Anyway, these issues should be solved in the future.

Ask for code review.

Thanks,
-Hao

Diff Detail

Event Timeline

HaoLiu updated this revision to Diff 23210.Apr 3 2015, 3:42 AM
HaoLiu retitled this revision from to [LoopVectorize]Teach Loop Vectorizer about interleaved data accesses.
HaoLiu updated this object.
HaoLiu edited the test plan for this revision. (Show Details)
HaoLiu added a subscriber: Unknown Object (MLST).
HaoLiu updated this revision to Diff 23211.Apr 3 2015, 3:47 AM
delena edited edge metadata.Apr 3 2015, 2:41 PM

(1) Teach LoopVectorizer to identify interleave accesses in the Legality phase.
Ask LoopVectorizer (Legality->target) whether the specified indices are profitable, give data type and list of constant indices.
Different sequence may be profitable for different targets.

(2) Teach LoopVectorizer to transform interleave accesses to index.load/index.store with specific interleaved indices.

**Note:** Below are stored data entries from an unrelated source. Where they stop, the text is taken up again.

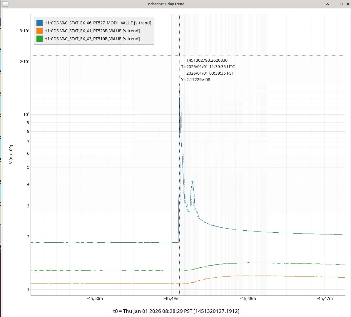 Pressure trend shows the pressure at PT527 increased from its baseline of 1.9e-09 to a max of 1.4e-08 Torr. Several seconds later the EX gauges showed a minimal increase when the dispersed molecules reached them.
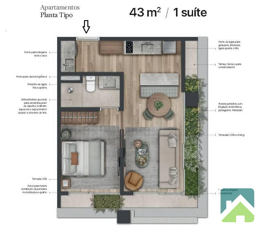 O imóvel com 43m², 1 Suite, Living e Cozinha integrada, Terraços Sala e Dormitório.
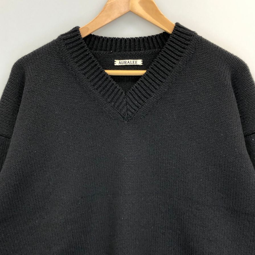 極美品◆オーラリー Vネックニット ウール ブラック メンズ サイズ5 AURALEE 【AFB41】
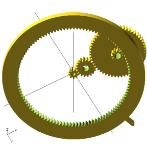 I do'nt know the first thing about gears, just that Neil mention that it was non-trivial, and that the shape of the teeth should be such that there is a permanent and continuous contact between the teeth of two adjacent gears. A quick check on Google seems to confirm that diagnostic. So right now might not be the best time to decide to become savvy about gear teeth design, so I go back to Google to find tools that can take me to a place I can start designing without having to worry about teeth shape. Doing some quick research, I find out that InkScape has a "gear module", InkScape would work for me because I prefer to laser cut my gears in a thick material rather than 3D print them, because I feel that I need a lot of practice before I can get something with a good enough precision out of the 3D printer.
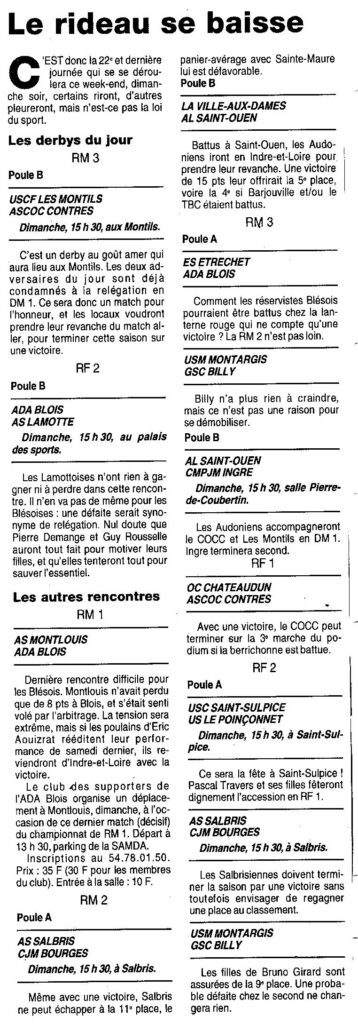 Saison 1995-1996 : Programme de la 22ème et dernière Journée des équipes du Loir et Cher dans les Championnats Régionaux
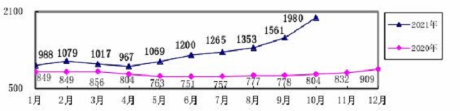 2021年1-10月,煉焦煤累計采購成本同比增長41.25%;冶金焦同比增長51.82%;國產鐵精礦同比增長50.41%,進口粉礦同比增長53.32%;生鐵同比增長38.18%;廢鋼同比增長37.23%。
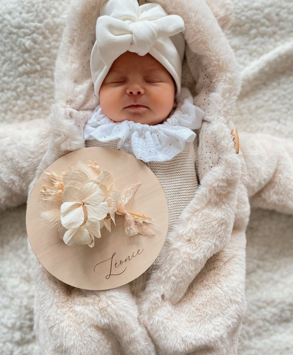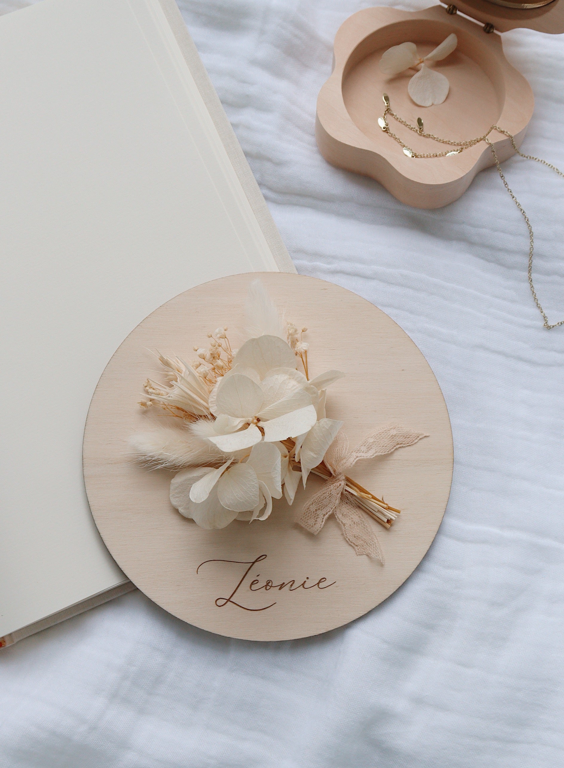 Personalized poplar wood card accompanied by a bouquet of flowers.
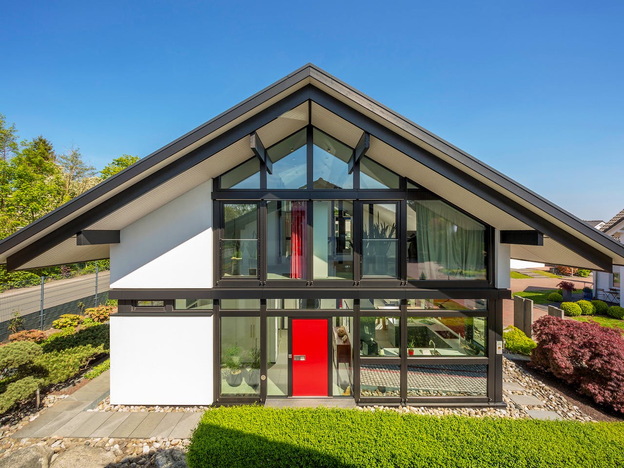 In diesem HUF Haus MODUM ergänzen sich äußere und innere Werte: Die raffinierte Fachwerkkonstruktion verbindet Glasflächen und individuell platzierte Sichtschutzelemente zu einer ästhetischen Einheit und schafft eine entspannte Wohnatmosphäre auf zwei Ebenen. Ein besonderes Merkmal dieses Hauses ist die energieeffiziente Ausstattung mit seinem 30°-Satteldach: Die Photovoltaikanlage liefert eine Leistung von 10,71 kWp und wird ergänzt durch eine Luft-Wasser-Wärmepumpe. Somit produziert das für Familien perfekt geeignete HUF Haus mehr Strom aus erneuerbaren Energiequellen, als für den eigenen Betrieb gebraucht wird. Licht und Jalousien lassen sich durch das KNX-System komfortabel steuern.

index.load/store should just receive the indices. Not just interleave.

  • Elena

Hi Hao,

Thanks for working on this.

I share Ahmed’s questions and concerns.
Also, as a very high level comment, where is the part of the patch that update the documentation for those intrinsics?
Without that documentation, it is hard, at least at first glance, to review the whole patch.

Thanks,
-Quentin

Hi Ahmed,

The attached patch mainly achieves:

(1) Teach LoopVectorizer to identify interleave accesses in the Legality

phase.

(2) Teach LoopVectorizer to transform interleave accesses to

index.load/index.store with specific interleaved indices.

Very nice!

I'm curious, how does this relate (if at all) to loops like:

for (size_t i = 0; i < n; i+=2L) {
   sum += (a[i  ] + b[i  ]);
   sum += (a[i+1] + b[i+1]);
}

or even:

for (size_t i = 0; i < n; i+=2L) {
   sum += (a[i  ] + b[i  ]) * (a[i+1] + b[i+1]);
}

[Hao Liu]
A very nice case. Unfortunately, this patch cannot handle such case. To handle such case, need to schedule the load order as below:

for (size_t i = 0; i < n; i+=2L) {
   int a0 = a[i], a1 = a[i+1];
   int b0 = b[i], b1 = b[i+1];
   sum += (a0 + b0) * (a1 + b1);
}

The problem is that the identification logic is simple and cannot analyze mixed loads/stores with different base pointers/strides.
I.E. it can identify "A[i], A[i+1], B[i], B[i+1]" or "A[i+1], A[i], B[i+1], B[i]", but cannot identify "A[i], B[i], A[i+1], B[i+1]".
As to support such case needs more work, I'll add a TODO so that we can improve this in the future.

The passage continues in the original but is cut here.